AI Technical Summary

Problems solved by technology

[0012] (1) The load sets and test index sets contained in the existing benchmarking system are mainly aimed at big data systems, and the distributed scheduling system is an important pluggable module in the big data system, so the final evaluation result is all modules of the system The overall performance reflected after mutual cooperation does not represent the performance of the distributed scheduling system
At present, there are shortcomings in the research of benchmarking technology for distributed scheduling systems, and there is an urgent need for a benchmarking system to conduct a fair and reasonable quantitative evaluation of distributed scheduling systems;
[0013] (2) Lack of data set construction
However, most of the test data used in the current benchmarking system is constructed by random generation or by crawling existing data on the Internet.
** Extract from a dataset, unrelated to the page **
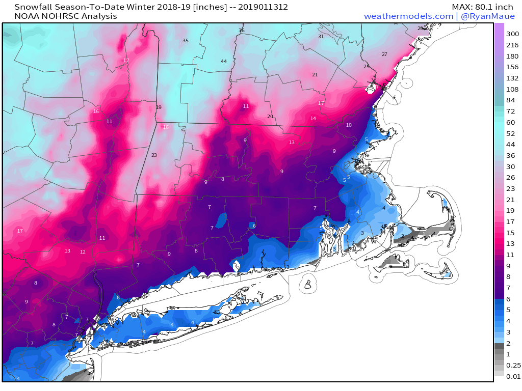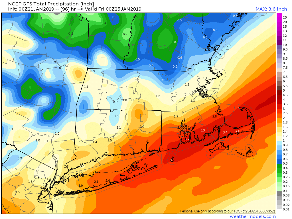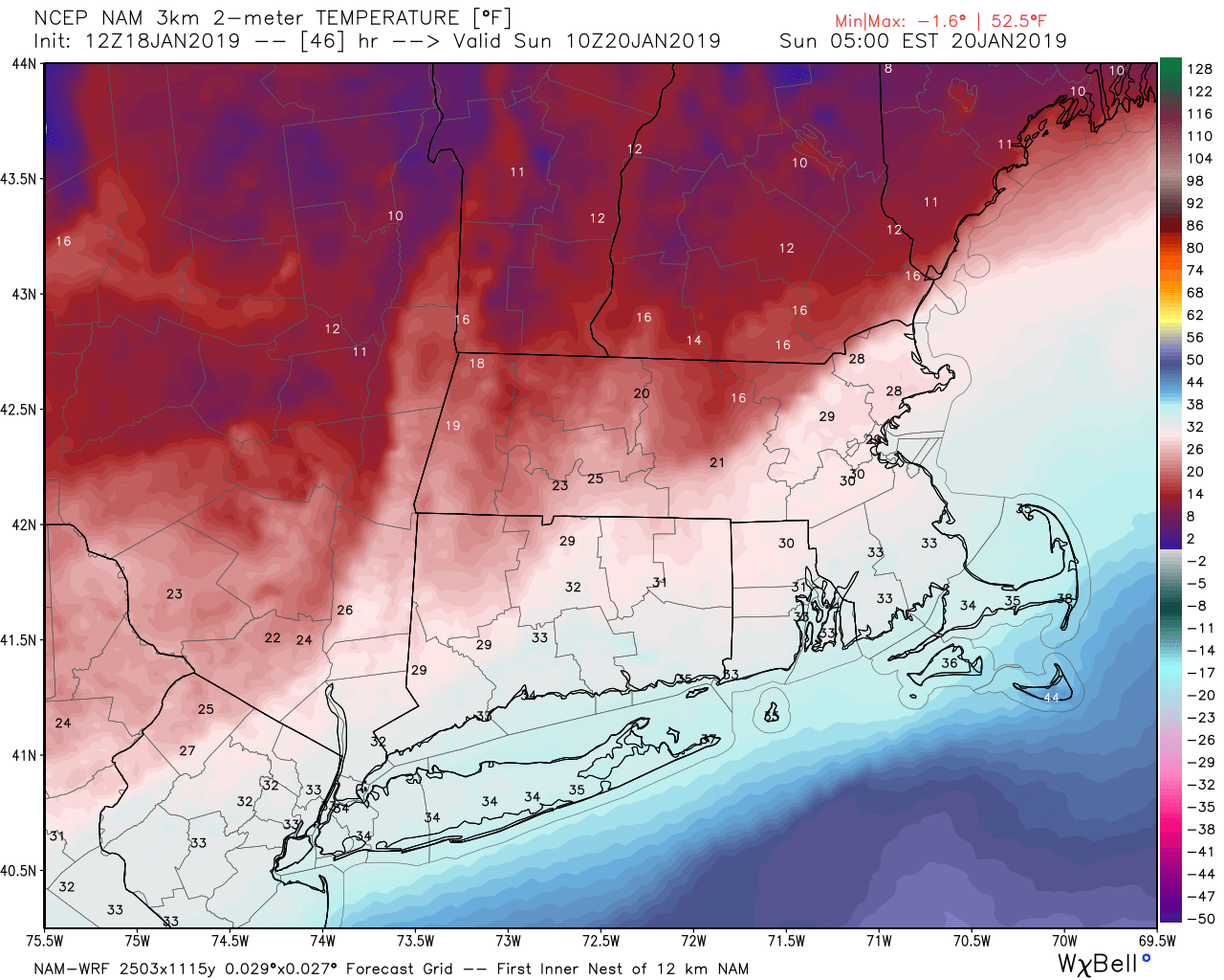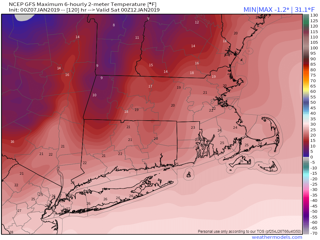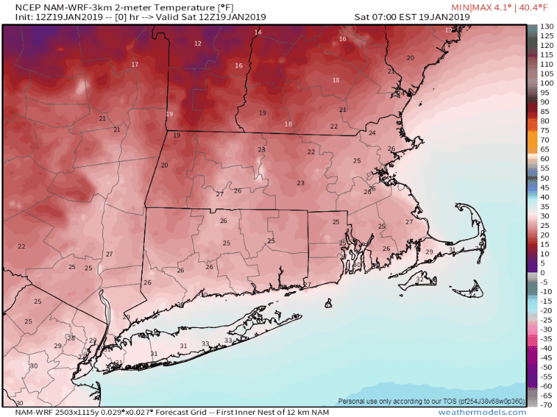Tuesday: Cloudy with light snow developing in the afternoon, quickly changing to rain south of Boston. High 30-37.

The randomly generated data does not reflect the above data characteristics, and the data obtained by crawling has relatively Large time cost cannot be quickly evaluated;
[0014] (3) The implementation of the load set software stack is relatively simple
However, most of the workloads in the current benchmark system are Hadoop-type tasks. The loads implemented by different software stacks are quite different in terms of computing logic and data processing. It is unreasonable to evaluate only through Hadoop-type tasks. Overlay other software stacks;
[0015] (4) There is no test index set for distributed scheduling system
These indicators reflect the overall performance of the big data system, and cannot directly and objectively evaluate the distributed scheduling system;
[0016] (5) There is no uniform and quantifiable load submission strategy
In the current benchmark system, there are few instructions on the load submission strategy, and there is a large degree of freedom in the evaluation
The load submission strategy has a very important impact on the system evaluation. Without a unified and quantifiable submission method, it is difficult to make a fair comparison of the system horizontally, and it will also make the evaluation distorted;
[0017] (6) Lack of indicator collection and monitoring modules
However, the current benchmarking system does not include monitoring indicator collection and monitoring modules, which brings some inconvenience to the evaluation. You need to choose the indicator collection and monitoring tools yourself during the evaluation.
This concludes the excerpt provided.